Butler is a historic, unincorporated community in Freestone County, Texas. The community is southeast of Fairfield and about 14 miles outside city limits on U.S. Route 84.

Demographics
The community has a total population of approximately 1,475. Broken down, there seems to be an equal separation in gender representation with each group accounting for roughly 50% of the population.

Population in July 2007:
Males: 733 	 (49.7%),
Females: 742 	 (50.3%)

Racial Group Representation:
White alone - 760 (54.1%),
Black alone - 572 (40.7%),
Hispanic - 54 (3.8%),
Two or more races - 14 (1.0%),
American alone - 3 (0.2%),
Asian alone - 1 (0.07%)

The average household size is 2.4 people and roughly 57% of the community is a family household, which is well below the state average. Parts of the community are fairly poor with 15% of residents earning income below the poverty level.

Schools
Butler is served by the Fairfield Independent School District which includes Fairfield Elementary school, Fairfield Intermediate school, and Fairfield High School.

Students who wish to pursue higher education, have many options to choose from within reasonable travel distance. These options include Trinity Valley Community College (38 miles), Navarro College (42 miles), UT Tyler (63 miles), Texas State Technical College (67 miles), Tyler Junior College (69 miles), Sam Houston State University (70 miles), and Texas A&M (73 miles).

Landmarks
Because Butler is a very small, secluded community the residents find a lack of resources in their area. The nearest hospitals can be located in Fairfield, TX and Palestine, TX 14 miles and 21 miles away respectively.

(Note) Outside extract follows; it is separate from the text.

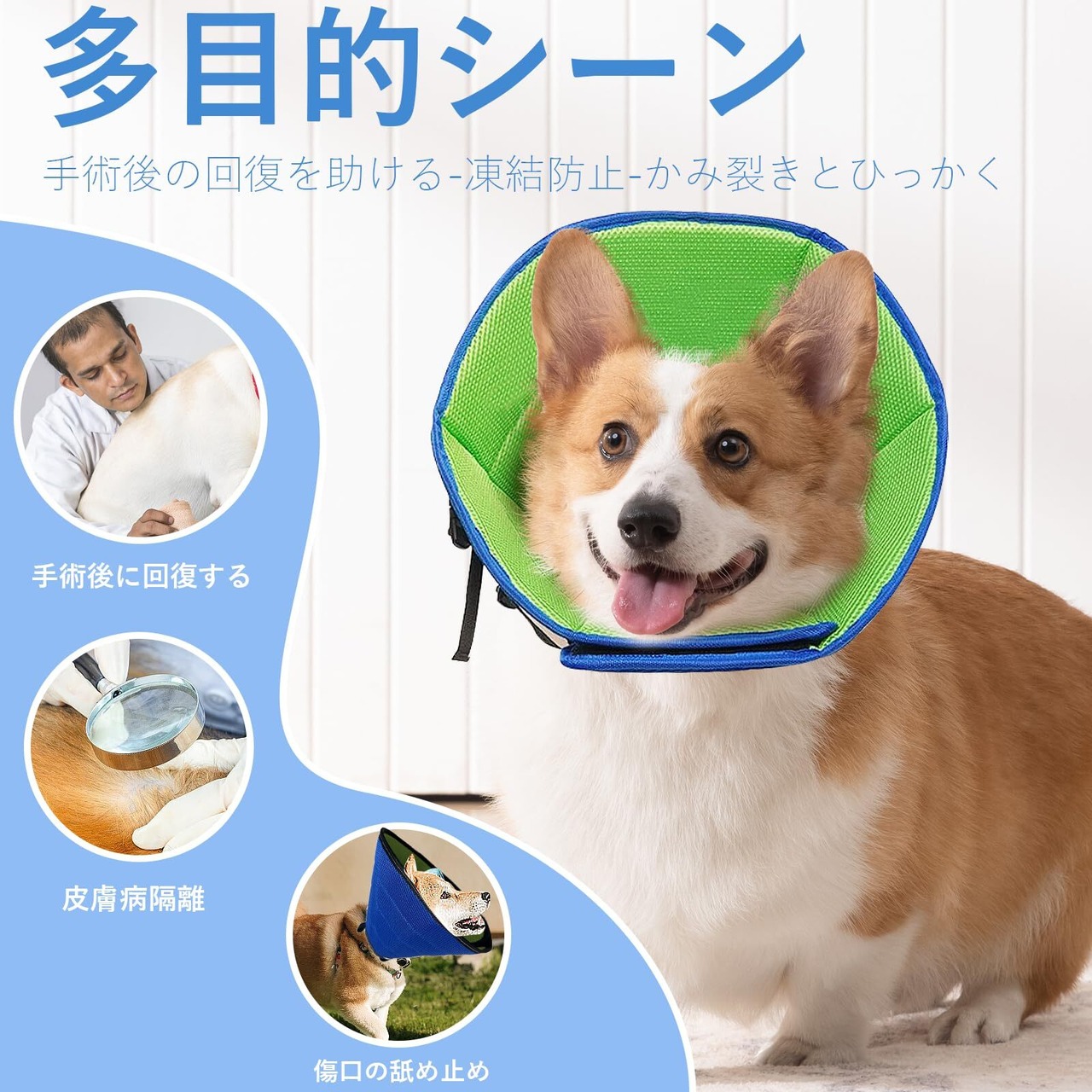 【実用性抜群&犬 エリザベス】カラーの首回りサイズは簡単に調整でき、ペットに完璧にフィットします。術後ケア、健康チェックなどに付き添い、装着すると首元に枕のような感じで、ペットにもっとのケアをすることができます。さらに、簡単に折りたたんで持ち運びでき、旅行や日常の使用に非常に便利です。

The community is rich in history and geographical diversity. Notable sites in Butler include its many churches, historic cemeteries, lakes and reservoirs, as well as the numerous springs and creeks.

History
In the early 1850s, several prominent families from Butler County, Alabama, settled in area known a West Point Hill. Over time the settlement grew with the addition of a church in 1854 and the establishment of a post office in 1856. By 1858 the community had a doctor, a general store, several businesses, and a Masonic lodge. The major revenue of the town at that time was from cotton, which was shipped through Galveston by steamboat on the Trinity River. In 1872 the International-Great Northern Railroad attempted to build a line through the town, but an agreement with landowners could not be reached. The railroad instead went through Oakwood and Palestine. In 1880 the population of Butler was 300, but by 1892 it had decreased to 150, primarily due to the lack of a railroad and the decline in steamboat traffic. In 1916, the post office was closed and all mail was sent through the office in Oakwood. By 1969, all schools had been consolidated in Fairfield.

Sacred Harp composer Sarah Lancaster lived in Butler for some time with her family.